For co-development against an unreleased branch, an editable install also works:

```bash
# from the consumer repo (e.g. dionysus3)
pip install -e /path/to/elume
```

## Principles

- **Integration, not invention.** The underlying techniques are open source or openly published; Elume's work is bringing them together.
- **Kernel, not application.** Reusable mechanism only. Adapters and policies live in consumers.
- **No framework lock-in.** No FastAPI, no Graphiti, no agent runtime in the core.
- **Pluggable storage.** Providers are contracts, not implementations.
- **Reproducible.** Deterministic where possible; evolution randomness goes through an injectable RNG.
- **Contract tests as the regression net.** Consumers re-run `tests/contract/` against their provider implementations.
- **The past is frozen.** Trajectory records, belief snapshots, and basin activations are immutable.
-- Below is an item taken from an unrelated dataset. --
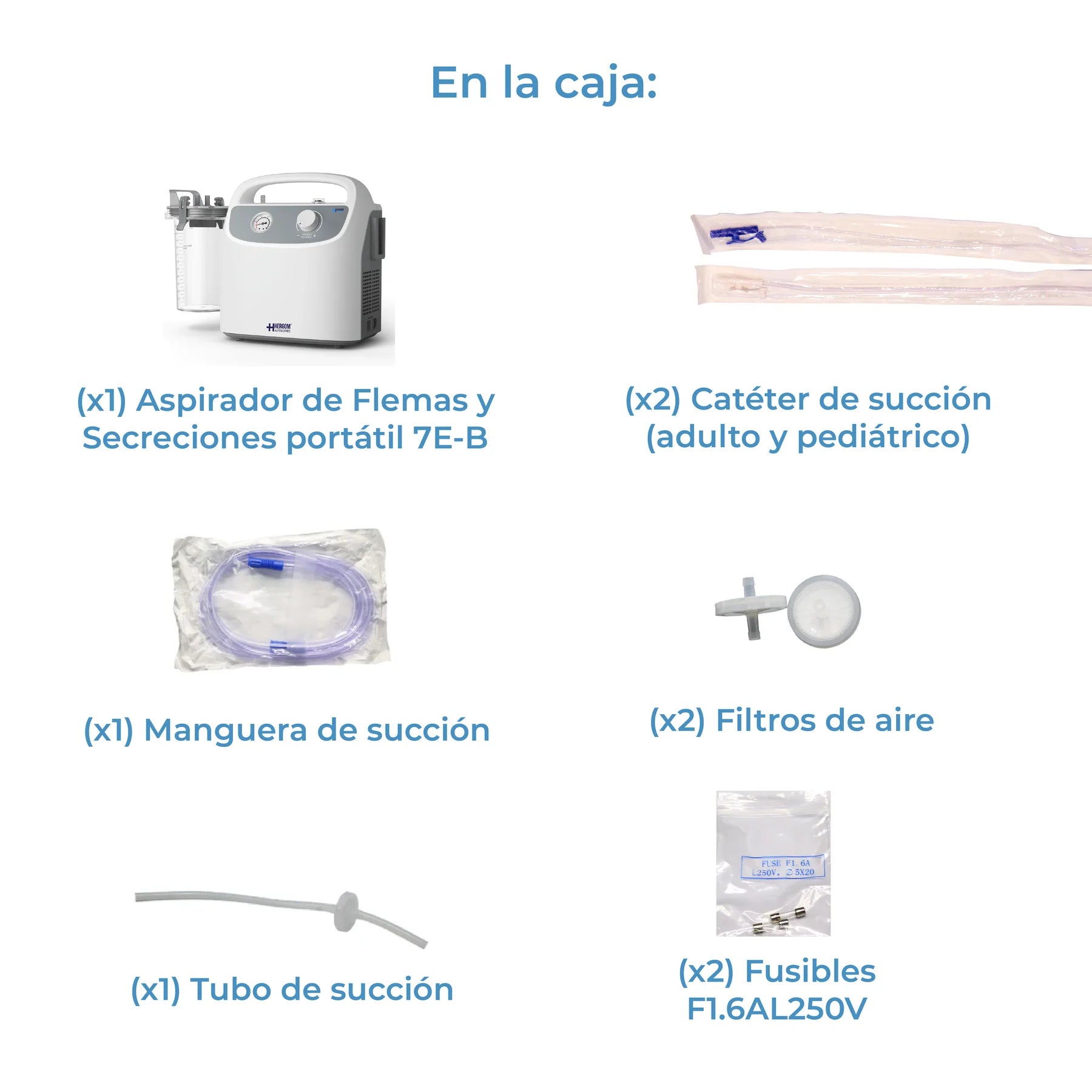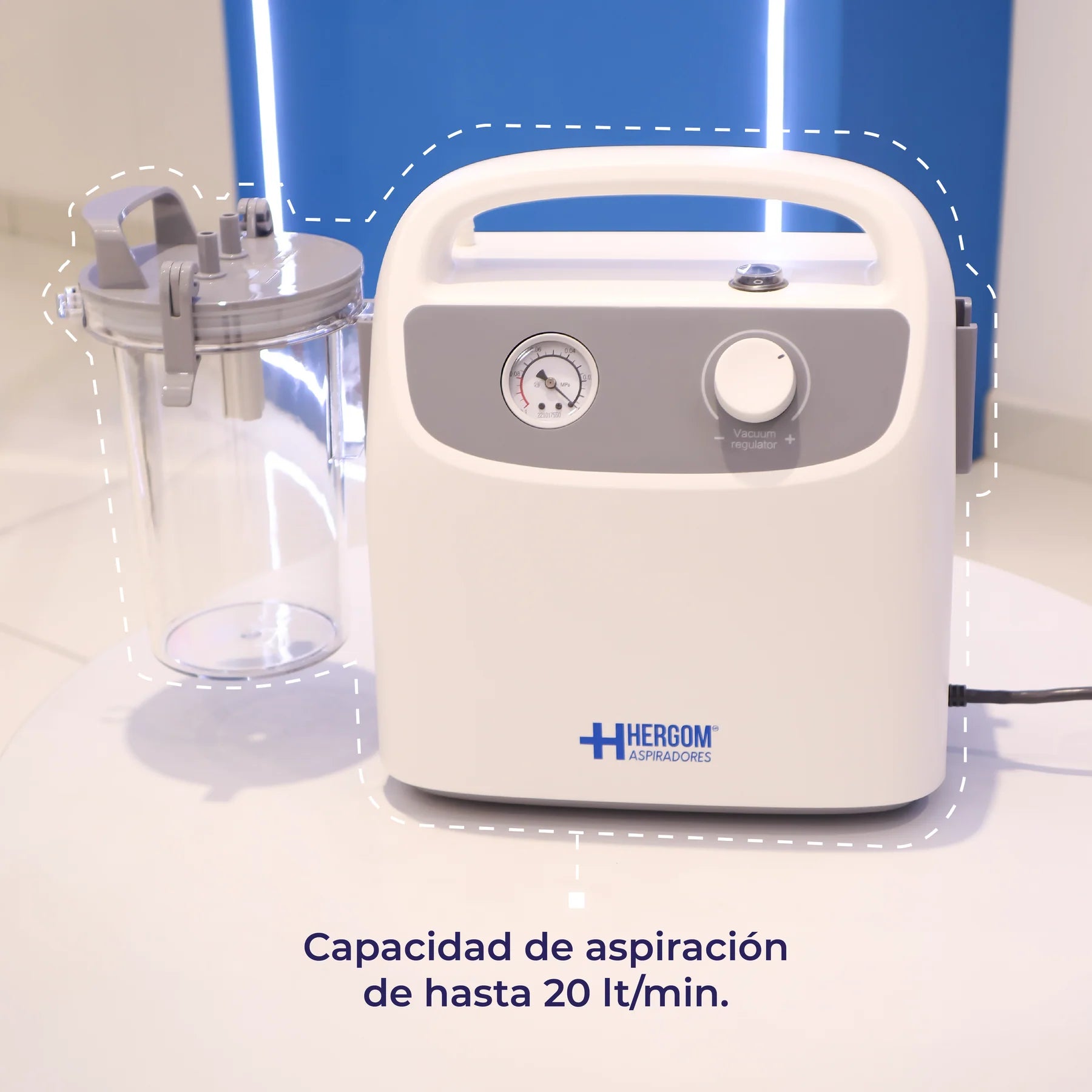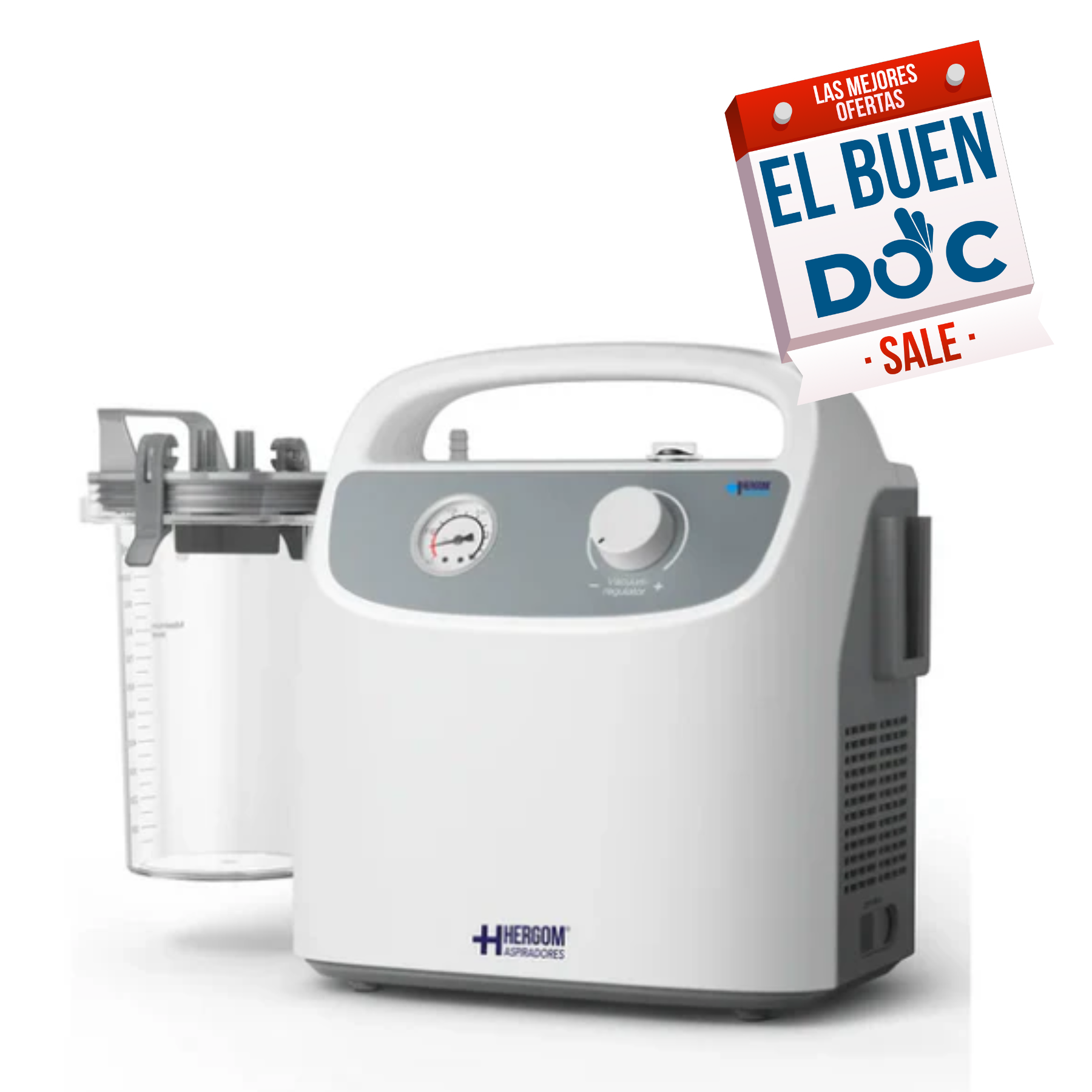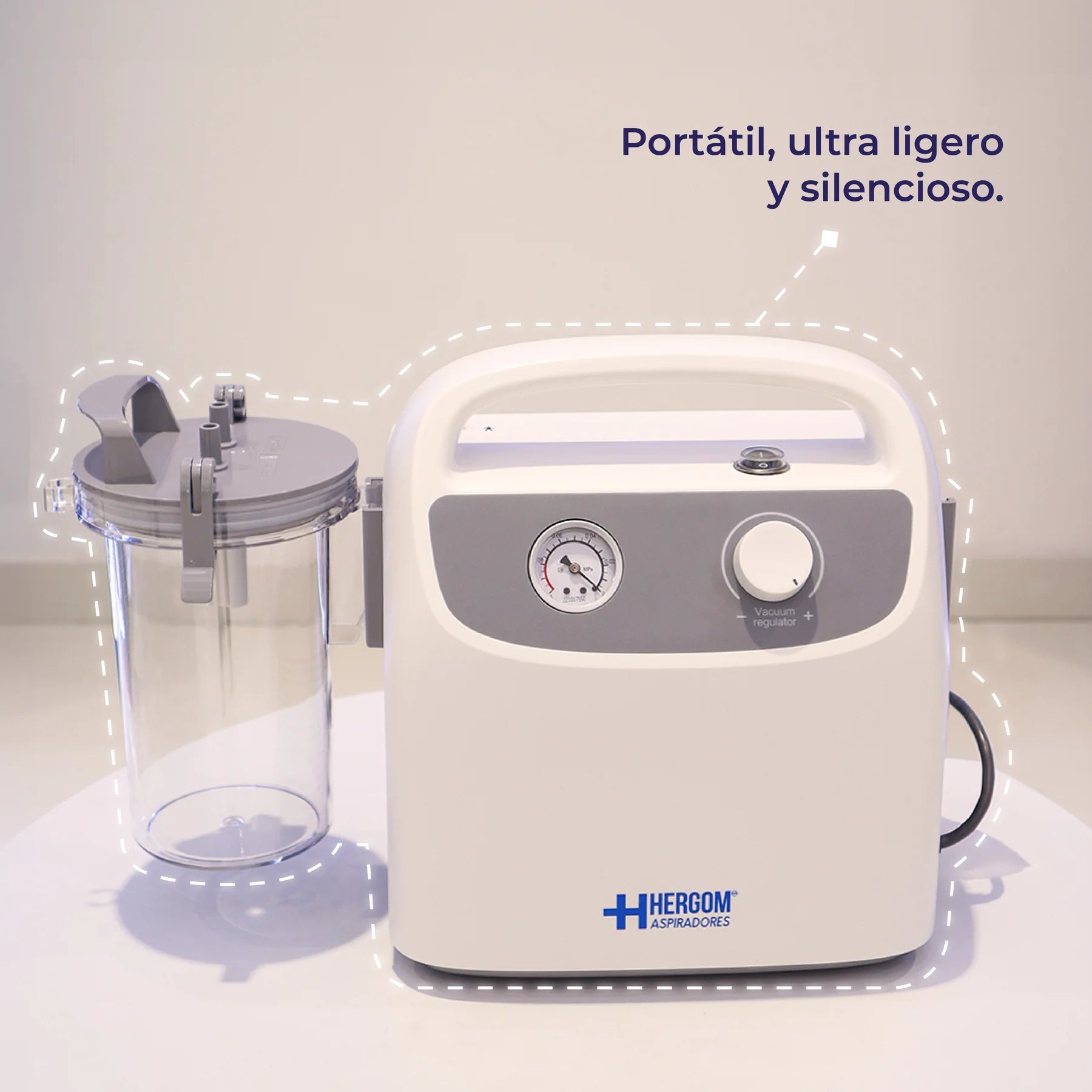 Aspirador de Flemas y Secreciones Portátil de Hasta 28 Litros por Minuto con Presión Regulable - Marca Hergom 7E-B

Strategies evolve by producing successors, not by mutating in place.

## On the name

**Elume** is the brand form. **ELUME** works as an acronym mnemonic — Evolvable Long-horizon Unified Mental-model Engine.

For public descriptors:
- **Short:** *Cognitive Substrate for Agents*
- **Memory-first framing (for SaaS/category fit):** *Agentic Memory with Mental-Model Architecture*
- **Technical long form:** *Deterministic, Replay-Safe Substrate for Cognitive-Architecture Agents*
- **Tagline:** *Agentic memory with mental-model architecture — a deterministic, replay-safe substrate for cognitive-architecture agents.*

## License

MIT. Compatible with Context-Engineering's MIT license and all upstream components.

See [`ATTRIBUTION.md`](./ATTRIBUTION.md) and [`conductor/product.md`](./conductor/product.md) for the full attribution and product specifications.